Community

Warm words from across religious spectrum as Reform's senior rabbi announces departure

Laura Janner-Klausner will be stepping down after nine years in October

July 9, 2020 13:10
LJK
2 min read

Rabbi Laura Janner-Klausner said it was two weeks ago that she finally decided it was time to quit as the senior rabbi of the Movement for Reform Judaism.

“It’s been in the back of my mind for a while but there’s nothing like lockdown and Covid to make you reassess what’s really important and what you want,” she said this week after the announcement of her October exit.

A senior colleague told the JC Rabbi Janner-Klausner had always “envisaged doing it for a while and then moving onto something else”. But another rabbi was “shocked” at the news. “We tend to know what’s going on but this was a surprise.”

When she bows out, it will be almost nine years since her appointment to the newly created role as the national voice of the movement.

While she felt it was “good to replenish every decade” and find a fresh challenge, she admitted it was “scary”.

In autumn, Rabbi Janner-Klausner will begin studying for a doctorate at Durham University on how the online experience of young Jews affects their perception of, and participation in communities. It follows a growing interest in the impact of the digital world — “I was at Data Science Africa for my last holiday”.

Increasingly, she has been preoccupied with questions such as “where are our members going to come from? What will our communities need to look like?”

She also plans to set up a business in leadership training, which will draw on her extensive experience of speaking in public and in the media to coach others.

Rabbi Janner-Klausner discounts any suggestion her departure from her Reform role has anything to do with her involvement in the defence of her father, Lord Janner — the Independent Inquiry into Child Sexual Abuse is due to begin examining the police handling of the allegations against him in October. She, her brother and sister “just do our best to look after dad, alive and dead”.

She was always careful what she said in her public platforms and her recently published book on resilience — where she spoke of the impact on the family of the accusations against him — was written in “a personal capacity”.

Her highlights as senior rabbi include work with the Muslim community and refugees, while more generally consolidating Reform’s place in cross-communal endeavours.

“No one is going to marginalise us, no one is looking over their right shoulder,” she said.

And among her most inspiring moments have been watching how rabbis from across the board “managed to reinvent Judaism” by taking it online during the coronavirus crisis.

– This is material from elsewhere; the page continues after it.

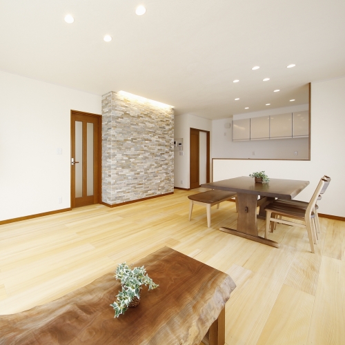 壁の一部に自然石タイルを施工したリビングダイニング。天井埋め込みの間接照明でより凸凹感を楽しめ、インテリアの良いアクセントになっています。

This week, she was shedding “happy tears” in response to the many warm words she had received following her announcement from across the religious spectrum, from “the Archbishop of Canterbury to the chairman of Southport Synagogue. I feel chuffed and blessed and appreciative.”

Reform chairman Geoffrey Marx said Rabbi Janner-Klausner had “transformed Reform Judaism”, which had become acknowledged as a major player “in debates of national importance, standing up for our values on issues that matter — refugees, antisemitism, LGBT+, progressive Zionism.

“From our leading efforts on the campaign for equal marriage and our front-line role standing up for refugees, I know that her work has made Britain better.”

Rabbi Fabian Sborovsky, chair of the Assembly of Reform Cantors and Rabbis, praised her “wise and inspirational leadership” adding that she had been “a wonderful colleague and mentor to many of us”.